Curious about python's actual usage of the copy on write mechanism in multiple processes. Currently, from the experiment results, python uses multiprocessing to create a multi-process, regardless of whether the data is not changed, the sub-process will copy the status of the parent process (memory space data, etc ). Therefore, if the main process consumes a large amount of resources, it will lead to unnecessary memory replication, which may lead to full memory.
Example
For example, assume that the main process reads all rows of a large file object, creates a working process through multiprocessing, and cyclically submits each row of data to the Working Process for processing:
[Python]
Def parse_lines (args ):
# Working
...
Def main_logic ():
F = open (filename, 'R ')
<SPAN style = "COLOR: # cc0000"> lines = f. readlines () </SPAN>
F. close ()
Pool = multiprocessing. Pool (processes = 4)
<SPAN style = "COLOR: # cc0000"> rel = pool. map (parse_lines, itertools. izip (lines, itertools. repeat (second_args), int (len (lines)/4) </SPAN>
Pool. close ()
Pool. join ()
Def parse_lines (args ):
# Working
...
Def main_logic ():
F = open (filename, 'R ')
Lines = f. readlines ()
F. close ()
Pool = multiprocessing. Pool (processes = 4)
Rel = pool. map (parse_lines, itertools. izip (lines, itertools. repeat (second_args), int (len (lines)/4 ))
Pool. close ()
Pool. join ()
The following are the top and ps results:
(Four sub-processes)
(Parent process and four child processes)
The above two figures show that both the parent process and child process occupy about 4 GB of memory space respectively. Most of the memory space is stored in the read data lines, so such memory overhead is too wasteful.
Optimization plan
Plan 1: Reduce memory overhead through Memory sharing.
Plan 2: the main process no longer reads the file object and submits it to each worker process to read the corresponding part of the file.
Improved code:
[Python]
Def line_count (file_name ):
Count =-1 # display the row number of an empty file as 0
For count, line in enumerate (open (file_name): pass
# The enumerate is formatted as a tuples, and the count is the row number, because the number must be + 1 from 0.
Return count + 1
Def parse_lines (args ):
F = open (args [0], 'R ')
<SPAN style = "COLOR: # cc0000"> lines = f. readlines () [args [1]: args [2] # read some lines </SPAN>
F. close ()
# Working
Def main_logic (filename, process_num ):
Line_count = line_count (filename)
Avg_len = int (line_count/process_num)
Left_cnt = line_count % process_num;
Pool = multiprocessing.

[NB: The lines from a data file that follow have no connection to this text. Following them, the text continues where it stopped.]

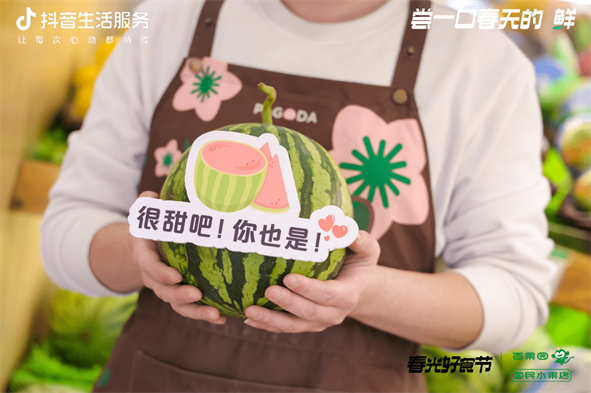 在春日鳳梨營銷旺季,百果園在上海推出了10家「春光好食節(jié)」嘗一口春天主題門店,配合抖音上新團(tuán)品鳳梨,線下打造10家快閃店讓用戶進(jìn)店隨處可見的水果文案與心理雞湯集合制作手舉牌,用吃水果的方式表達(dá)自己,吃的不僅僅是水果,也是一種生活態(tài)度。線下主題門店推出春季踏青限定打卡物料,線下設(shè)置抖音一店一碼物料鋪設(shè)引導(dǎo)ugc打卡,還有戴著可愛水果頭套的店員為用戶推薦春日好果。讓用戶行走在春日街頭,走進(jìn)百果園仿佛走進(jìn)春天的水果世界。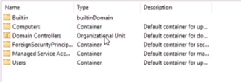 We will talk about the Containers or folders as you might call them. We will explain what they are, what they are used for so that you have a good understanding of what’s going on here.These folders are here by default and are of different types. We have one BuiltinDomain, an Organizational Unit, and some Container folders.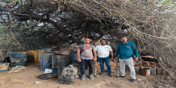 પોરબંદર, 07 એપ્રિલ (હિ.સ.)પોરબંદર લોકલ ક્રાઈમ બ્રાન્ચના ઈન્ચાર્જ પો.ઈન્સ. આર.કે. કાબરીયા ના માર્ગદર્શન મુજબ એલ.સી.બી. સ્ટાફના અધિકારીઓ પેટ્રોલીંગમાં હતા તે દરમ્યાન બરડા ડુંગરમાં દેશી દારૂની ભઠ્ઠી હોવાની બાતમી મળી હતી જે આધારે ડ્રોન કેમેરાની મદદ થી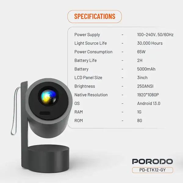 Porodo Full HD یک دستگاه چندمنظوره با کیفیت تصویر 1080p است که برای استفاده خانگی، آموزشی و کاری طراحی شده. این مدل با قابلیت اتصال بیسیم، اسپیکر داخلی و طراحی جمعوجور، تجربهای کامل از نمایش فیلم، ارائه و بازی را فراهم میکند.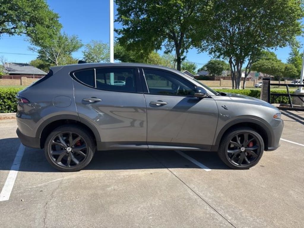 Certified. Gray Cray 2024 Dodge Hornet GT Plus GT Plus 9-Speed 948TE Automatic 2.0L I4 DOHC AWD GT Blacktop + Track Pack Bundle (Alcantara Seats w/Red Accents, Bright Pedals, Dark GT Badge, Dark Hornet Badge, Dual Mode Suspension, Gloss Black Painted Day Light Opening, Gloss Black Painted Mirror Caps, Power 4-Way Driver Lumbar Adjust, Power 4-Way Passenger Lumbar Adjust, Power Adjust 8-Way Driver Seat, Power Adjust 8-Way Front Passenger Seat, Red Brake Calipers, Sporty Leather Steering Wheel, Steel Door Sills, and Wheels: 20" x 8" Abyss Finish Aluminum), Quick Order Package 23L, FCA US LLC Certified Pre-Owned Certified, 4-Wheel Disc Brakes, 8 Speakers, ABS brakes, Air Conditioning, Alloy wheels, AM/FM radio: SiriusXM, Anti-whiplash front head restraints, Apple CarPlay/Android Auto, Auto High-beam Headlights, Auto-dimming Rear-View mirror, Brake assist, Bumpers: body-color, Compass, Delay-off headlights, Driver door bin, Driver vanity mirror, Dual front impact airbags, Dual front side impact airbags, Electronic Stability Control, Emergency communication system: Dodge Connect, Four wheel independent suspension, Front anti-roll bar, Front Bucket Seats, Front Center Armrest w/Storage, Front dual zone A/C, Front reading lights, Fully automatic headlights, Garage door transmitter, harman/kardon® Speakers, Heated door mirrors, Heated front seats, Heated steering wheel, Illuminated entry, Knee airbag, Lane Departure Warning System, Leather Seats, Leather steering wheel, Low tire pressure warning, Memory seat, Navigation System, Normal Duty Suspension, Occupant sensing airbag, Outside temperature display, Overhead airbag, Overhead console, Panic alarm, ParkView Rear Back-Up Camera, Passenger door bin, Passenger vanity mirror, Power door mirrors, Power driver seat, Power Liftgate, Power moonroof, Power passenger seat, Power steering, Power windows, Radio: Uconnect 5 Nav w/10.25" Display, Rain sensing wipers, Rear anti-roll bar, Rear seat center armrest, Rear window defroster, Rear window wiper, Remote keyless entry, Security system, Speed control, Speed-sensing steering, Split folding rear seat, Spoiler, Tachometer, TBD Axle Ratio, Telescoping steering wheel, Tilt steering wheel, Traction control, Trip computer, Turn signal indicator mirrors, Variably intermittent wipers, Ventilated Front Seats, Ventilated front seats, and Wheels: 17" x 7" Silver Aluminum.
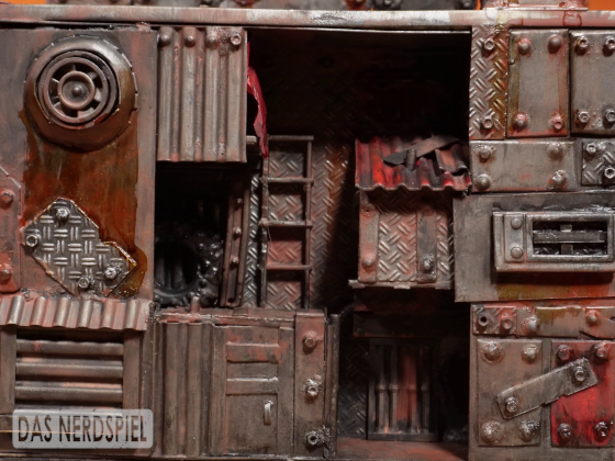 I was trying to come up with a color scheme that looked appropriately eclectic for an Ork fort built from salvaged scrap, but also cohesive enough to look like an actual building that could exist within an environment. So the exterior armor panels of the fort are pretty much split, with half being bare metal, and the other half being painted.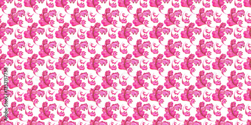 Watercolor seamless pattern with stylized pink and gold abstract acanthus leaves
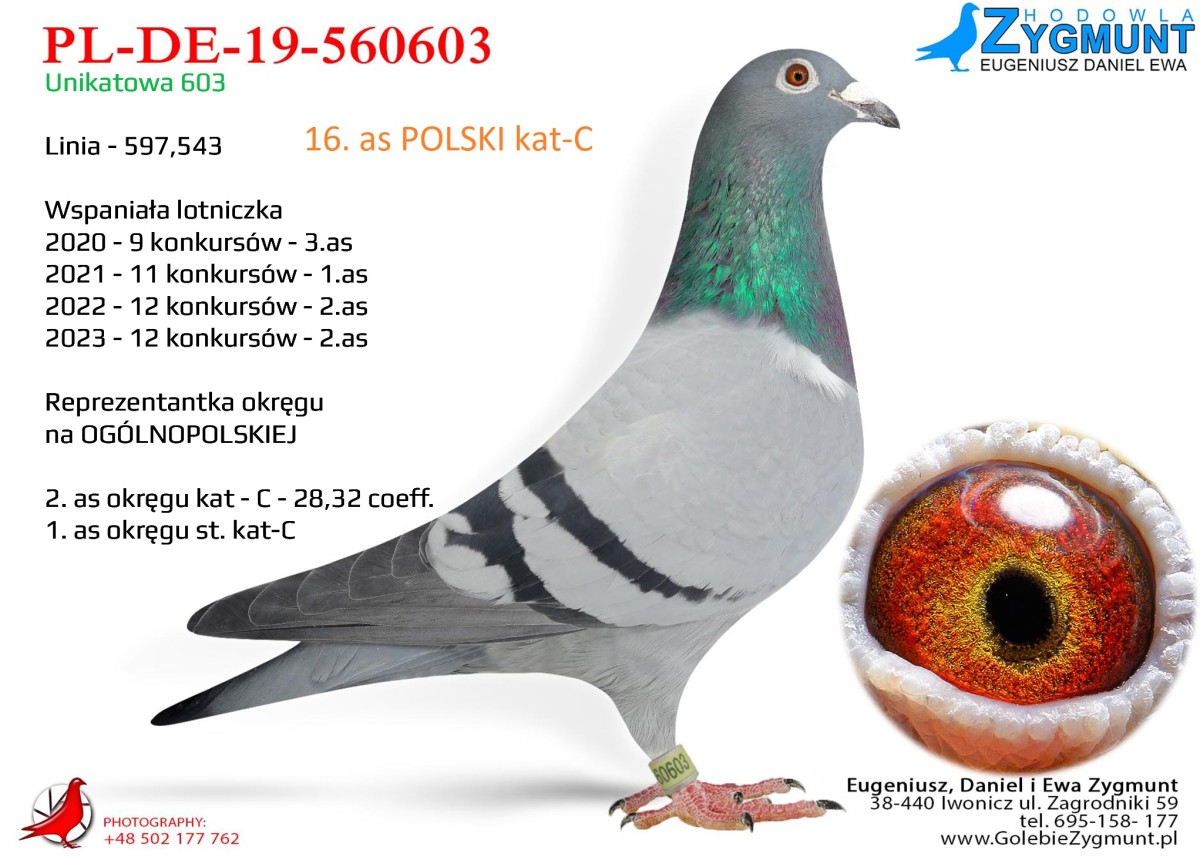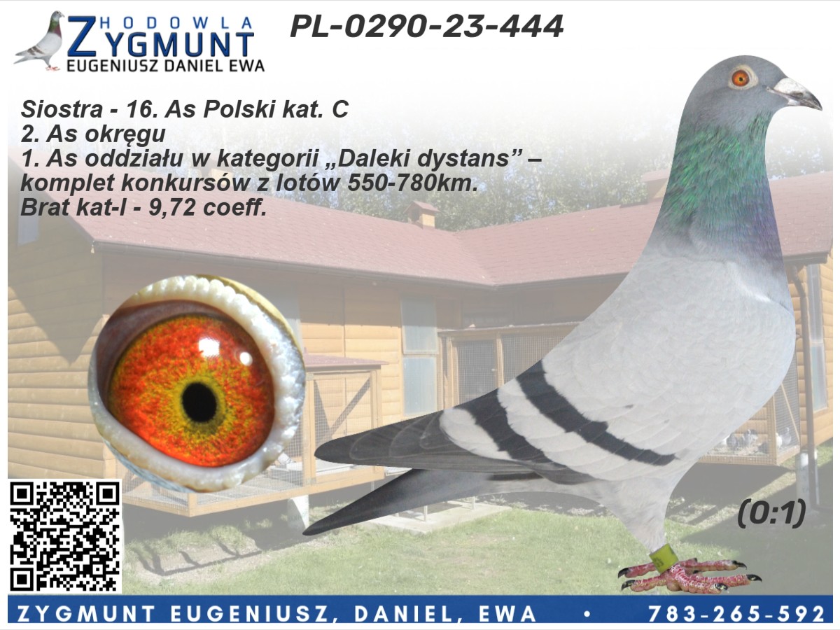 Gołąb o potwierdzonej wartości rodzinnej – linia, która robi wynik seryjnie. ***Możliwość odbioru na wystawie ogólnopolskiej w Katowicach***Transport: do 2 sztuk – 100 zł, 3–4 sztuki – 150 zł, powyżej 5 sztuk – 200 zł---Sezon 2025 przyniósł kolejne świetne wyniki – zdobyliśmy 4. i 5. miejsce w oddziale oraz tytuł II vice-mistrza oddziału w kategoriach MP oraz kat-A. Na wspólnych gołębnikach nasze ptaki pokazały klasę: 3. miejsce w finale WG Zatoka Puck, 7. AS WG Zatoka Puck, 36. AS OLR SuperCup, 33. i 86. AS OLR Mazury oraz 11. miejsce drużynowo na WG Zatoka Puck. Poprzedni sezon 2024 był jednym z najlepszych w naszej historii – 1., 3. i 4. miejsce w oddziale to wynik, jakiego jeszcze nie było. Do tego 1. i 2. miejsce w kat. MP oraz 1. w kat. A. Sezon zakończyliśmy z 9 gołębiami z 6 konkursami (w tym 5 pierwszych w oddziale) i aż 86 gołębiami z ponad 4 konkursami. Na wspólnych gołębnikach również liczne sukcesy: 2. z finału OLR Mazury, 16. z Ekstra Finału WG Zatoka Puck, 12. z MWG Rogowo, 2. z WG Zatoka Puck, 70. z finału MWG Rogowo, 43. AS Rogowo, 55. z finału OLR SuperCup, 36. AS WG Podhale, a gołąb po naszym samcu zdobył 2. miejsce w finale OLR SuperCup. Więcej informacji w rodowodach lub pod numerem telefonu 783 265 592.

Pool (processes = process_num)
For I in xrange (0, process_num ):
Ext_cnt = (I> = process_num-1 and [left_cnt] or [0]) [0]
St_line = I * avg_len
<SPAN style = "COLOR: # cc0000"> pool. apply_async (parse_lines, (filename, st_line, st_line + avg_len + ext_cnt) # specifies the number of rows of data read by a process. </SPAN>
Pool. close ()
Pool. join ()
Def line_count (file_name ):
Count =-1 # display the row number of an empty file as 0
For count, line in enumerate (open (file_name): pass
# The enumerate is formatted as a tuples, and the count is the row number, because the number must be + 1 from 0.
Return count + 1
Def parse_lines (args ):
F = open (args [0], 'R ')
Lines = f. readlines () [args [1]: args [2] # read some lines
F. close ()
# Working
Def main_logic (filename, process_num ):
Line_count = line_count (filename)
Avg_len = int (line_count/process_num)
Left_cnt = line_count % process_num;
Pool = multiprocessing. Pool (processes = process_num)
For I in xrange (0, process_num ):
Ext_cnt = (I> = process_num-1 and [left_cnt] or [0]) [0]
St_line = I * avg_len
Pool. apply_async (parse_lines, (filename, st_line, st_line + avg_len + ext_cnt) # specifies the number of rows of data read by a process
Pool. close ()
Pool. join ()
Use top or ps to view the memory usage of the process again:
(Four sub-processes)
(Parent process and four child processes)
Summary
The memory usage is compared twice, and the memory occupied by the parent process and child process after the code is improved is significantly reduced. All memory usage is equivalent to half of the original memory usage, which is the effect of reducing memory replication.
This experiment is now in progress. There are still many optimization methods and space for memory usage. We will continue to study it later.